Комната оказалась маленькой, скромной, но чистой. Я поставил портплед на кровать и немного посидел на краю матраца, глубоко дыша и пытаясь расслабиться. Но чувствовал себя все хуже. Я встал и пошел в ванную. Алекс по дороге останавливался у аптеки, и я купил медицинские принадлежности. Запах бинтов, антисептического крема и пластыря внезапно напомнил мне о том времени, когда Деррин работала медсестрой. Потом вспомнилось, как она ухаживала за моим лицом три недели спустя после приезда ко мне в Южную Африку. Я упал, спасаясь от перестрелки в Соуэто.
— Сегодня стери-стрип, — сказала она, накладывая прозрачный пластырь на рану возле глаза. — Я не хочу, чтобы завтра ты оказался в гробу.
Я скользнул взглядом по своим забинтованным пальцам, по телу, все еще обмотанному клейкой пленкой — по краям ее скапливалась кровь, запекаясь на спине густыми, темными завитками.
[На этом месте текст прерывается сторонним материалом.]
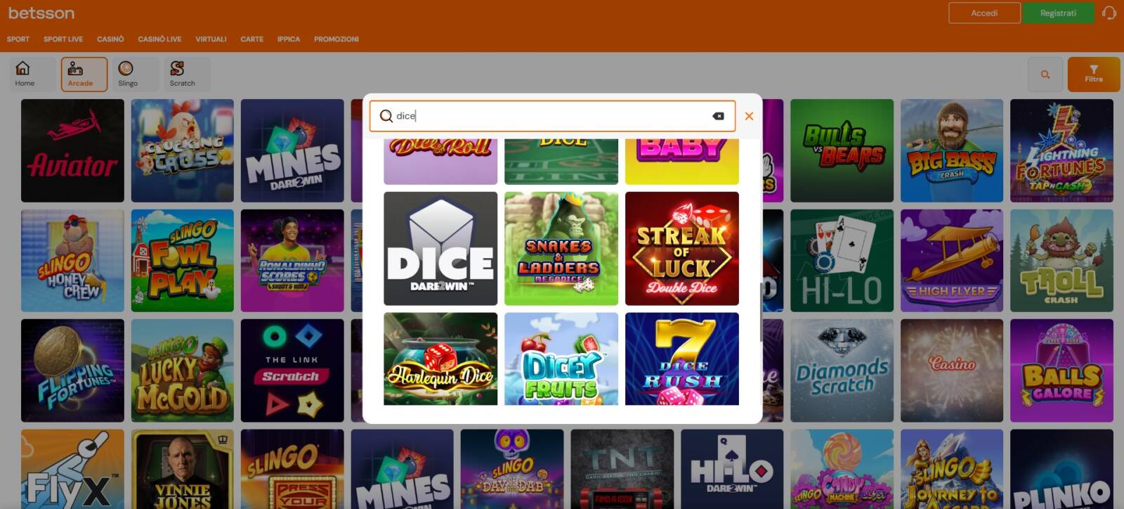 Betsson (casino)Casinò → Arcade
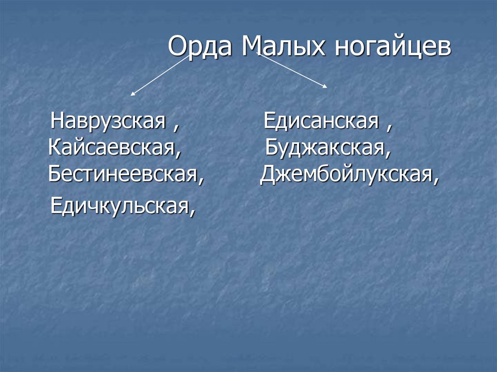 Четыре ногайские орды:Буджакская, Едисанская, Джембойлукская,
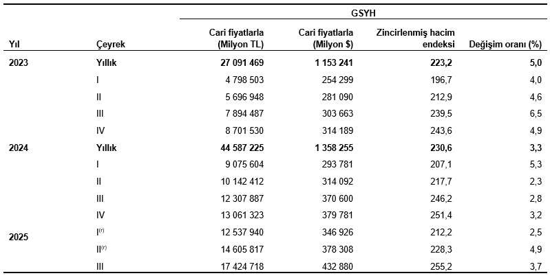GSYH sonuçları, III. Çeyrek: Temmuz – Eylül, 2025
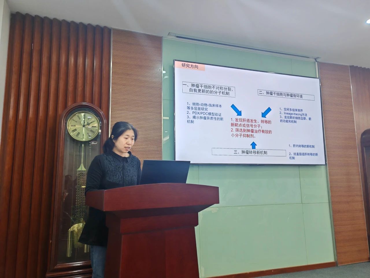 本次讲座的主题是肿瘤干细胞,非编码RNA与肿瘤微环境。王彦英教授介绍了关于肿瘤治疗研究方向、研究背景和代表性研究成果,指出肝细胞癌的一线治疗药物不能有效延长生存期,发现肝癌的发病机制是肝癌治疗的迫切需要。目前,靶向肿瘤干细胞治疗是研究热点。

Сами раны я не видел и вряд ли хотел бы увидеть. Однако знал, что у меня не хватит мужества снять пленку.
Пока еще рано.
Приведя себя в порядок, я подошел к кровати и лег на живот лицом к двери. И спустя двенадцать беспокойных часов проснулся.
49
Я поехал к Мэри тринадцатого декабря, через одиннадцать дней после ее визита. Близился вечер. Машину я вел с трудом, всю дорогу сидел, подавшись вперед. Спина моя затекла после сна, и я чувствовал, как пленка отходит. К тому времени, когда я вылез из машины, боль пронизывала позвоночник.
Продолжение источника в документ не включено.